Groundhog’s Day of New York politics comes in early April when the governor and state lawmakers are at loggerheads on the budget and need to do a short-term “extender.” That’s where we are this week. The state budget was supposed to be approved by April 1, but like recent ones, it’s late. The extender allows negotiators to keep working on a deal while ensuring that the state’s workers continue to be paid.
Despite the fact that some $230 billion in taxpayer monies are in play, these negotiations are conducted in secret. Secrecy allows the governor and state legislative leaders to horse trade items – some of which may have no relevance to the budget – as part of an overall budget deal. Last year’s surprise was the deal for New York taxpayers to spend hundreds of millions of dollars on a new stadium for the NFL’s Buffalo Bills.
This year’s budget is moving along more slowly than last year’s, which was put to bed on April 9th. And while the consequences for New Yorkers tend to be minor when the budget isn’t too late, the deals can have far-reaching consequences.
By definition it’s hard to know what’s going on in secret negotiations, but a fight over one deal spilled out into the public last week: Governor Hochul’s plan to weaken the state’s climate law.
First some background. In 2019, New York approved a new law that set aggressive goals to tackle the worsening climate crisis. That legislation was based on the recommendations of the world’s climate experts, most notably that the state achieve “net zero” greenhouse gas emissions by the year 2050. The 2019 law requires New York to reduce economy-wide greenhouse gas emissions 40 percent by 2030 and no less than 85 percent by 2050 over 1990 levels. The remaining 15% of emissions will be offset by things like planting trees, which take carbon dioxide out of the air, to reach net-zero emissions.
The Hochul Administration proposal would change the way the law measures greenhouse gas emissions from the current law’s 20-year accounting method to a 100-year standard. The current law smartly focuses on methane, the main component of natural gas, which is a far more potent greenhouse gas in the near term than carbon dioxide. Methane has more than 80 times the warming power of carbon dioxide over the first 20 years after it reaches the atmosphere. Even though CO2 has a longer-lasting effect, methane sets the pace for warming for two decades after release. Thus, the lawmakers who crafted the 2019 law set a 20-year time horizon – also the timeframe climate scientists predict the world has to avoid the most devastating consequences of a heating planet.

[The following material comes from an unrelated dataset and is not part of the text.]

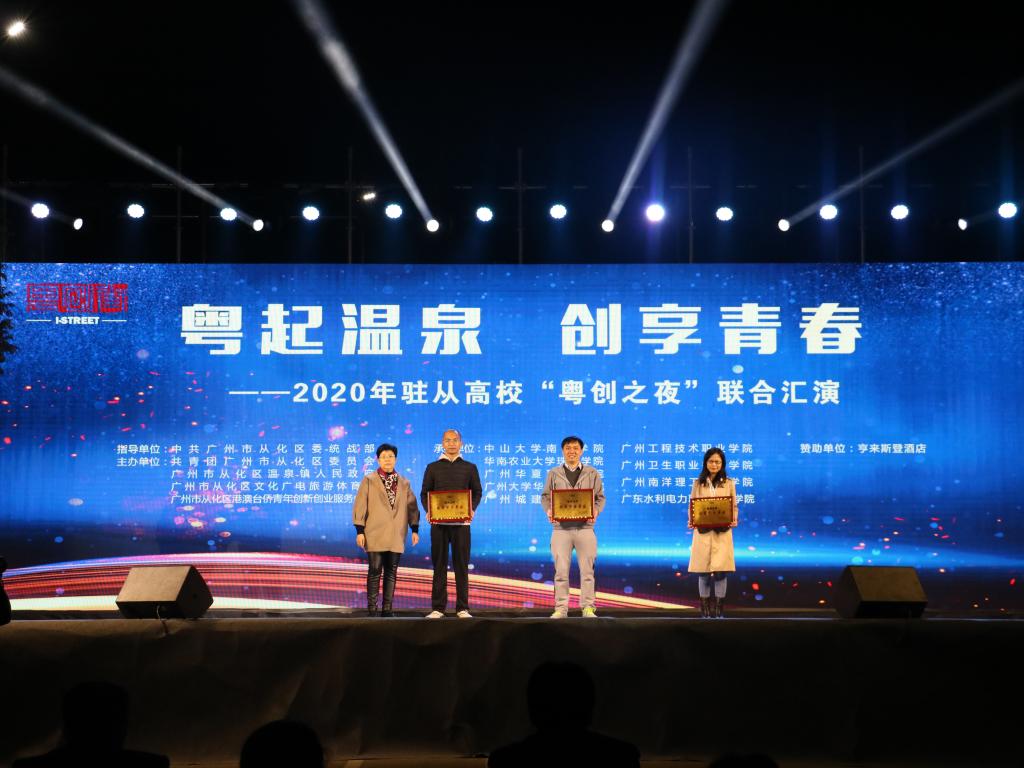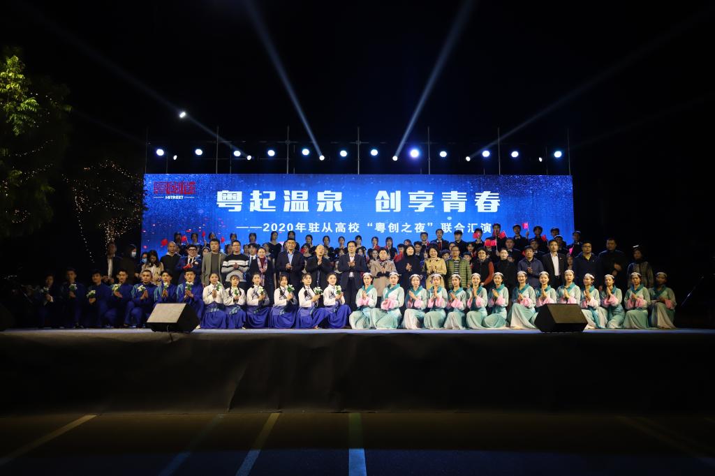 為貫徹落實(shí)關(guān)于推動(dòng)鄉(xiāng)村振興戰(zhàn)略的目標(biāo)要求,搶抓粵港澳大灣區(qū)建設(shè)重大機(jī)遇,推動(dòng)創(chuàng)新創(chuàng)業(yè)發(fā)展,加強(qiáng)校地共建,聯(lián)動(dòng)駐從高校共創(chuàng)共建共享粵創(chuàng)街品牌。12月26日晚,由共青團(tuán)廣州市從化區(qū)委員會(huì)、廣州市從化區(qū)溫泉鎮(zhèn)人民政府、廣州市從化區(qū)文化廣電旅游體育局、廣州市從化區(qū)港澳臺(tái)僑青年創(chuàng)新創(chuàng)業(yè)服務(wù)中心主辦,從化九所高校承辦,中共廣州市從化區(qū)委統(tǒng)戰(zhàn)部指導(dǎo)的“粵創(chuàng)之夜”元旦晚會(huì)順利舉行。從化區(qū)委副書記、區(qū)長(zhǎng)劉粽會(huì),從化區(qū)委常委、區(qū)委統(tǒng)戰(zhàn)部部長(zhǎng)孫柱,從化區(qū)政協(xié)副主席蔣瓊芳,從化區(qū)直屬系統(tǒng)的領(lǐng)導(dǎo)嘉賓及駐從高校廣大師生朋友們出席參加了本次“粵創(chuàng)之夜”活動(dòng)。

The 2019 law also established a Climate Action Council tasked with developing a blueprint for the state to follow in meeting its climate goals. That Council didn’t recommend a change to current law – and in fact incorporated the 20-year standard into the climate plan it developed over 2½ years. And no such recommendation was included in the budget plans of the governor, Senate or Assembly.
But thanks to secret negotiations, the governor tried to make that fundamental change – one that is supported by the fossil fuel industry, since it would be free to sell gas for a longer period.
The governor’s rationale was that keeping to current law would have a big negative impact on New Yorkers’ wallets. Of course, that issue had been raised in the Climate Action Council proceedings and until a week or so ago, all – including the governor – argued that those costs would be less than the impacts if New York did nothing.
But a week after the budget was due, the Hochul Administration advanced a near total repudiation of its earlier arguments. Now the governor argued the costs were significant and the state needed a plan to weaken the methane standard. There have been no public hearings, no public discussion in legislative committees, no public debate at all. It was put on the table in secrecy as part of the Hochul Administration’s horse-trading plan.
Unfortunately for the governor, the scheme made its way into the public domain and resulted in a firestorm of opposition. Environmental groups, frontline communities and climate scientists protested the plan and last week the governor pulled back her proposal from the budget negotiations.
The governor’s arguments that the costs of acting to deal with the climate crisis is, however, an important issue to consider. The state Senate did in its budget plan. The Senate, after public hearings and committee consideration, approved a proposal to charge the biggest oil companies for the costs of the state’s climate damages. Their ingenious plan also makes it impossible for Big Oil to pass those costs onto the public. Great idea: protect ratepayers and taxpayers and place the financial burden on those responsible for the mess and those benefiting from record profits.
Yet in the secret budget negotiations, it appears that opposition from the governor’s office has stopped the plan to hold the oil industry, not ratepayers and taxpayers, accountable.
If true, that’s a big mistake. Weakening the state climate law isn’t the solution to the cost problem, charging Big Oil is. Hopefully the final budget protects New Yorkers and with no special interest giveaways on big policy issues.
Posted by NYPIRG on April 3, 2023 at 8:46 am
April 1st, the first day of New York State’s fiscal year, came and went this weekend with no state budget agreement. It has been a few years since the state budget was approved on-time, with all recent ones enacted in the first half of April.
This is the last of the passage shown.